MaxTopics is the number of topics you want listed and can be a number or a cell reference.
Lookup is the taxonomy from which to establish the list of topics. The default is to leave Lookup blank, in which case the function asks the AI model to use its own best estimates. The other option currently available directly is “IAB”, which will use the taxonomy of the International Advertising Board. You can enter arbitrary text here to specify a different taxonomy. If you do so, the LLM will make its best guess to interpret what you want. You will likely have to experiment until you get the most useful results.
Usage
=NLP_FINDTOPICS(A1:A12, 6) will list the top 6 topics found in the text contained in cells A1 to A12 and return data in the form:
PROMPT
NLP_PROMPT
Submit a freeform request optionally based on a block of input text. This is equivalent to asking a question of an AI model directly, but returning the reply in your spreadsheet.
Syntax
=NLP_PROMPT(prompt [, reference [, systemMessage]])
Prompt is the command you send to the NLP engine and can be either a text input or a reference to a cell or range.
Reference is optionally the text against which you wish the command to run and is typically a reference to a cell or range. It can be a text input. If Reference is not provided, Prompt should be a free-standing question.

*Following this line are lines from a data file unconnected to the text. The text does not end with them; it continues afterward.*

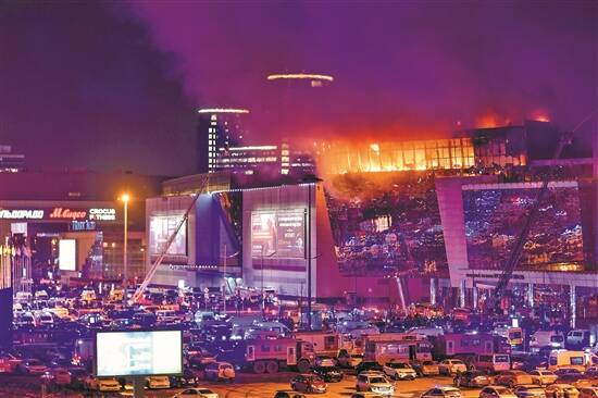 3月22日,俄罗斯莫斯科近郊克拉斯诺戈尔斯克市一音乐厅发生枪击事件后引发火灾 新华社发 |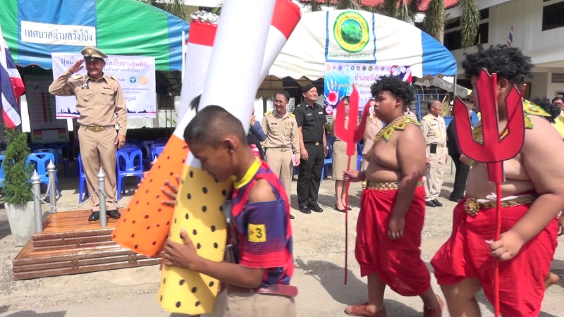 ซึ่งการจัดกิจกรรมในวันนี้ ประกอบด้วย การจัดแสดงนิทรรศการปัญหายาเสพติด โดยนายอำเภอวังโป่ง ได้อ่านสารเนื่องในวันต่อต้านยาเสพติดโลก และนำพลังมวลชนกล่าวคำประกาศเจตนารมณ์ต่อต้านยาเสพติด พร้อมปล่อยแถวระดมกวาดล้างยาเสพติด การจัดระเบียบสังคม และเดินรณรงค์ประชาสัมพันธ์ และการเผยแพร่ผ่านสื่อมวลชนทุกประเภท เพื่อปลุกกระแสให้ประชาชนเข้ามามีส่วนร่วมแสดงพลังต่อต้านยาเสพติด ประชาสัมพันธ์ในสถานศึกษา หมู่บ้าน/ชุมชน และสถานประกอบการต่าง ๆ โดยมี น้องๆนักเรียน นักศึกษา เข้าร่วมแสดงกิจกรรมดังกล่าว ช่วยสร้างสีสันได้เป็นอย่างดี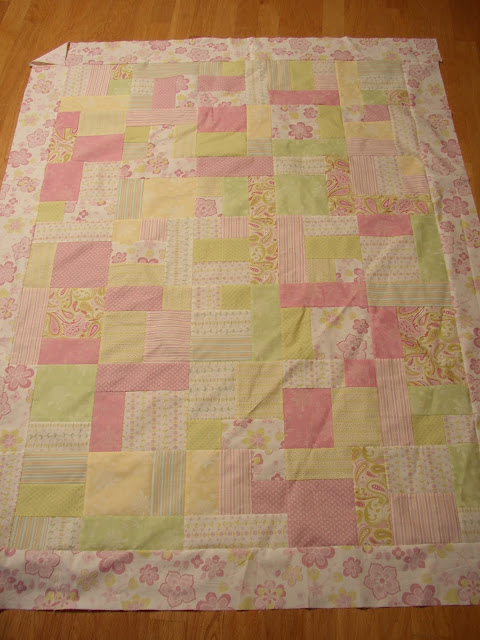 Here’s a quilt top I just finished. If a friend of mine’s baby turns out to be a girl, I might give it to her. Or it might wait for some other day. I think I’m going to send it out to be quilted, so it will be done in a jiffy.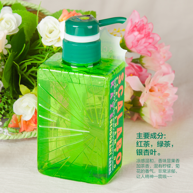 日本进口Scalabo无硅油绿色洗发水300ml 养润修复型茶香果香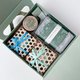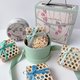 复古繁花烫金礼盒x1(尺寸:16.3x16.3x5.2CM)、缎带x1、提袋x1、满月花饼手工香皂120gx4(四色各一)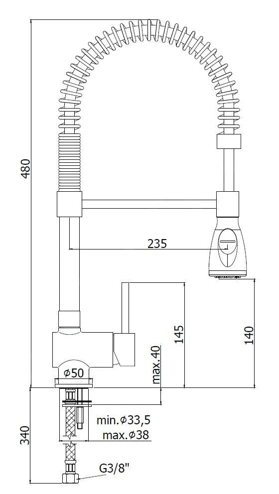 - altura de grifo: 480 mm

systemMessage is an optional message to the model that directs the system to a particular mode or approach.
Usage
=NLP_PROMPT(A1, B1:B12) where A1 contains “Please list the key topics as bullet points and single sentences” and B1:B12 contains the text you want analysed.
=NLP_PROMPT(A1,,C1) where A1 contains “Summarise the principal suppliers in the UK of consumer broadband services” and C1 contains “You are a marketing research assistant who diligently works to answer questions truthfully and accurately”.
=NLP_PROMPT(A1) where A1 contains “Give me 5 suggestions for books to read about existentialism”.